◆ Records to use:
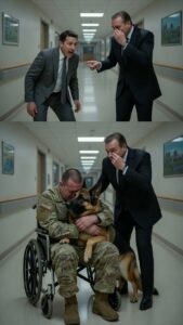 For a terrifying minute, the only sound in that massive lobby was the quiet sobbing of the billionaire owner and the wounded veteran, bound together by the survival of a boy thousands of miles away, all thanks to the dog sitting between them.
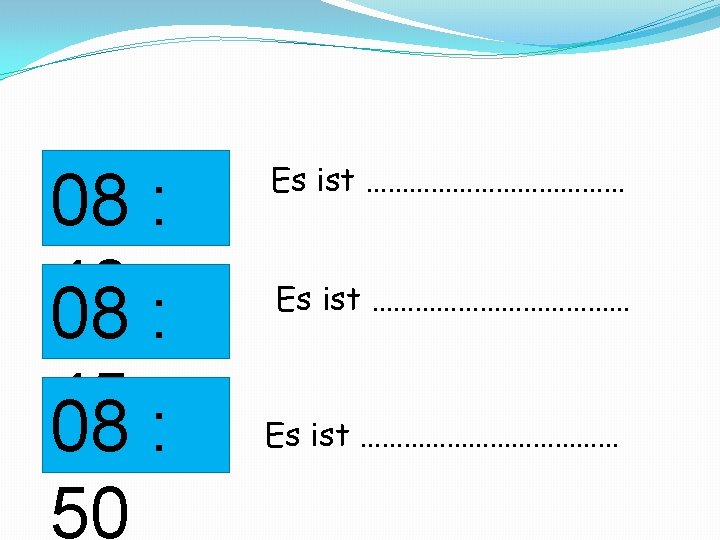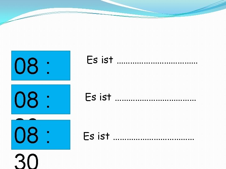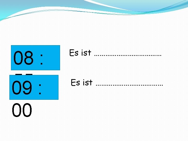 Wiederholung 08 : 00 08 : 05 08 : Es ist …………………………… Es ist ………………
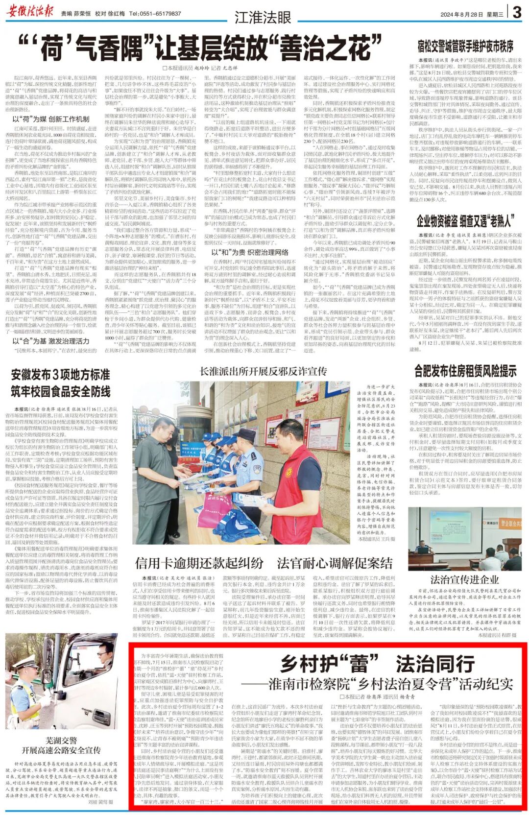 为丰富青少年暑期生活,确保法治教育假期不掉线,7月15日,淮南市人民检察院启动了为期一个月的“淮检护‘蕾’ ‘童’待花开”乡村法治夏令营,依托“蓝·天使”驻村检察工作站,以田家庵区安成镇沿淮村为中心,向廖湾村、王巷村等周边乡村辐射,累计参与达600余人次。
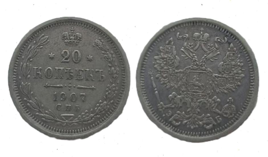 20 копеек 1907 качественный фальшак вес 3.1 грамм
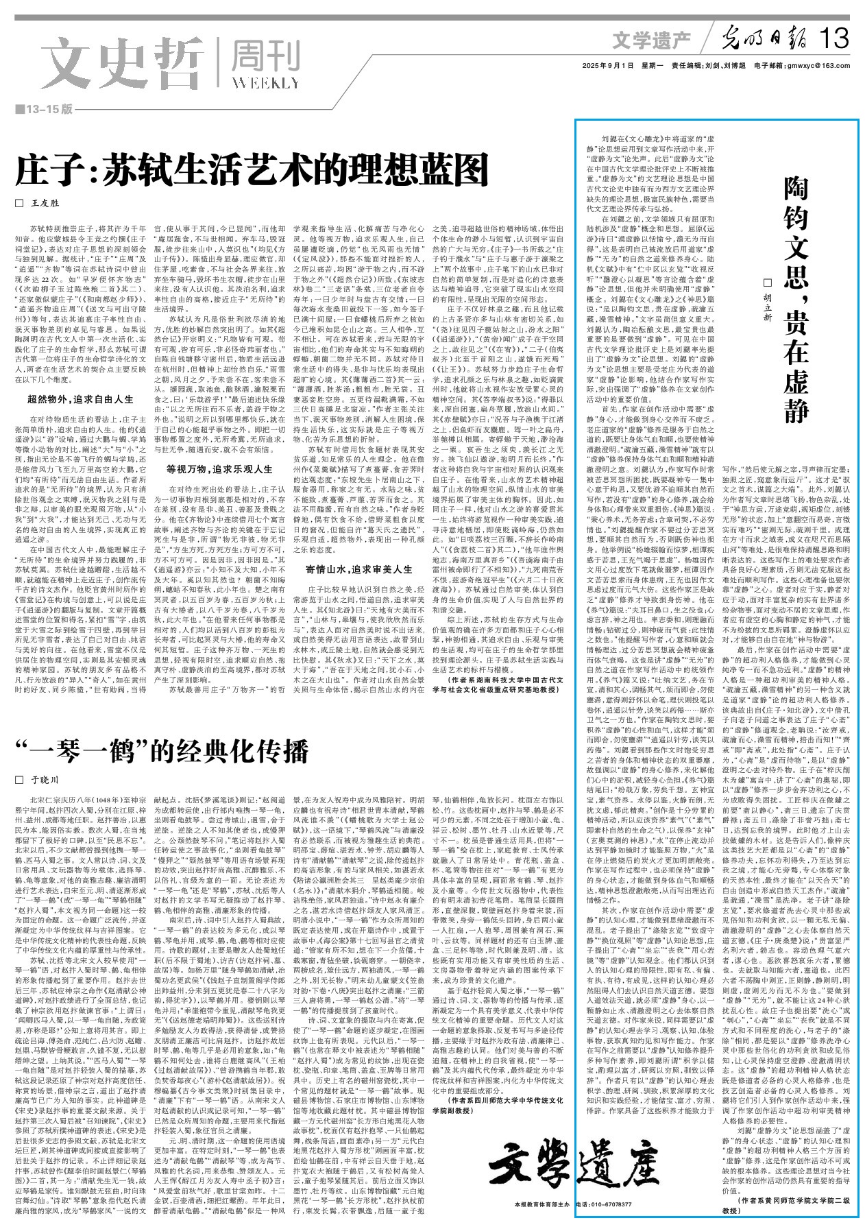 胡立新教授的文章《陶钧文思,贵在虚静》刊登在《光明日报》(2025年9月1日)“文史哲周刊・文学遗产”版。该文深入探讨了刘勰在《文心雕龙》中提出的 “虚静为文” 这一极富民族特色的文艺理论思想。在刘勰之前,文学领域仅有屈原和陆机涉及相关概念与思想,而刘勰率先明确提出 “虚静为文” 论。胡教授指出,这一思想受老庄道家 “虚静” 论影响,对作家写作具有重要价值。一方面,作家在创作中需 “虚静” 身心,做到身心交养,避免因过分苦思而损身伤神,以 “虚静” 修养保持身体气血和顺与精神清澈澄明,从而写出理达情畅之作;另一方面,需要 “虚静” 的认知心理,使思绪澄澈不混乱。胡教授的研究为当代文艺理论界传承与弘扬这一独特理论提供了深刻见解,对理解古代文论与指导现代创作具有重要意义。该文体现了胡立新教授在中国古代文论与美学研究领域的持续深耕。
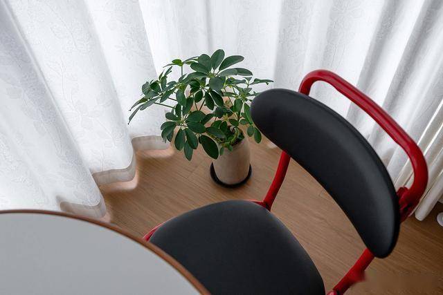 小小的阳台布置成休闲区,带滚轮的圆桌和单椅,方便移动,当阳光穿过白色纱帘,滤出柔和的光线,让不同色彩融合的很高级。
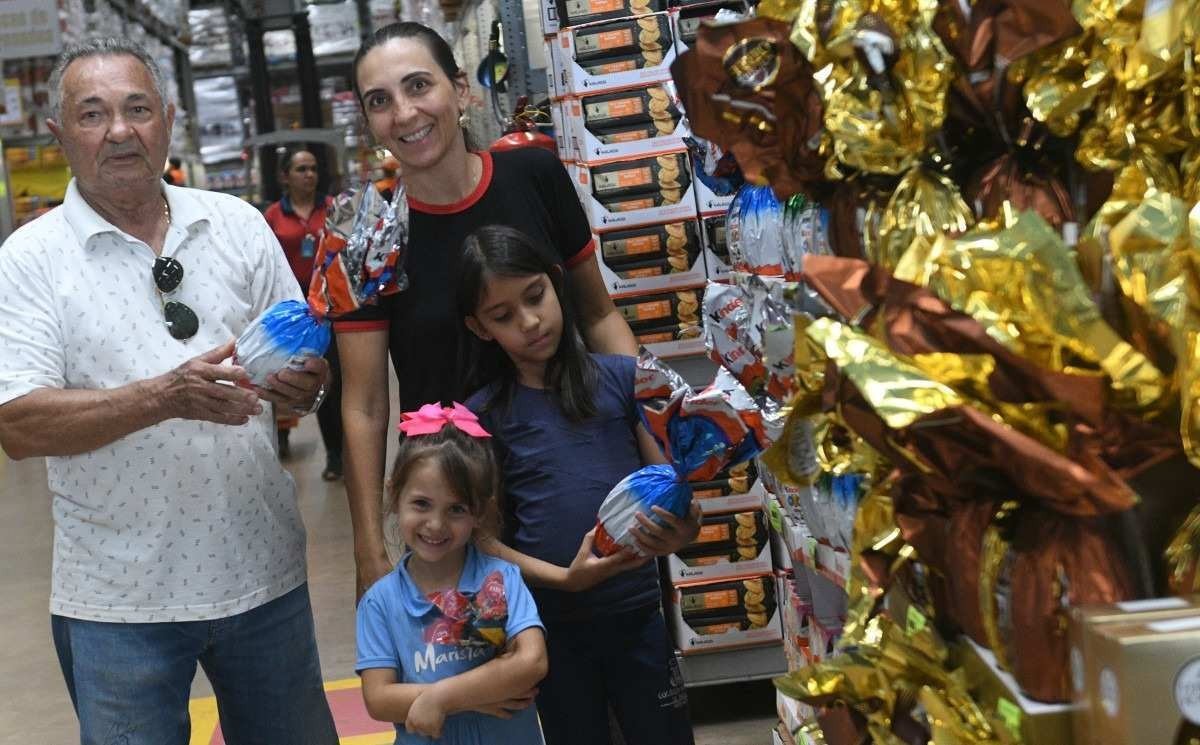Elemento tradicional na celebração da Páscoa, o ovo chocolate representa a vida e o renascimento para os cristãos. A professora de artes Janaína Menezes, 45, faz questão de manter a tradição e foi com a família a um atacadão para fazer as compras. Junto das filhas Rafaela, 7, Antonella, 4, e do pai Agilson Almeida, 72, ela comenta que o ovo da Páscoa ainda simboliza o amor em forma de presente. "A gente gosta de presentear os pequenos, como as minhas filhas e duas sobrinhas. Por isso que pegamos poucos ovos, porque fazemos uma torta ou um doce para economizar", explica a moradora da Asa Sul.

◆ Activity: Restate the data above verbatim, skipping every image.

◆ Response:
 For a terrifying minute, the only sound in that massive lobby was the quiet sobbing of the billionaire owner and the wounded veteran, bound together by the survival of a boy thousands of miles away, all thanks to the dog sitting between them.
 Wiederholung 08 : 00 08 : 05 08 : Es ist …………………………… Es ist ………………
 为丰富青少年暑期生活,确保法治教育假期不掉线,7月15日,淮南市人民检察院启动了为期一个月的“淮检护‘蕾’ ‘童’待花开”乡村法治夏令营,依托“蓝·天使”驻村检察工作站,以田家庵区安成镇沿淮村为中心,向廖湾村、王巷村等周边乡村辐射,累计参与达600余人次。
 20 копеек 1907 качественный фальшак вес 3.1 грамм
 胡立新教授的文章《陶钧文思,贵在虚静》刊登在《光明日报》(2025年9月1日)“文史哲周刊・文学遗产”版。该文深入探讨了刘勰在《文心雕龙》中提出的 “虚静为文” 这一极富民族特色的文艺理论思想。在刘勰之前,文学领域仅有屈原和陆机涉及相关概念与思想,而刘勰率先明确提出 “虚静为文” 论。胡教授指出,这一思想受老庄道家 “虚静” 论影响,对作家写作具有重要价值。一方面,作家在创作中需 “虚静” 身心,做到身心交养,避免因过分苦思而损身伤神,以 “虚静” 修养保持身体气血和顺与精神清澈澄明,从而写出理达情畅之作;另一方面,需要 “虚静” 的认知心理,使思绪澄澈不混乱。胡教授的研究为当代文艺理论界传承与弘扬这一独特理论提供了深刻见解,对理解古代文论与指导现代创作具有重要意义。该文体现了胡立新教授在中国古代文论与美学研究领域的持续深耕。
 小小的阳台布置成休闲区,带滚轮的圆桌和单椅,方便移动,当阳光穿过白色纱帘,滤出柔和的光线,让不同色彩融合的很高级。
Elemento tradicional na celebração da Páscoa, o ovo chocolate representa a vida e o renascimento para os cristãos. A professora de artes Janaína Menezes, 45, faz questão de manter a tradição e foi com a família a um atacadão para fazer as compras. Junto das filhas Rafaela, 7, Antonella, 4, e do pai Agilson Almeida, 72, ela comenta que o ovo da Páscoa ainda simboliza o amor em forma de presente. "A gente gosta de presentear os pequenos, como as minhas filhas e duas sobrinhas. Por isso que pegamos poucos ovos, porque fazemos uma torta ou um doce para economizar", explica a moradora da Asa Sul.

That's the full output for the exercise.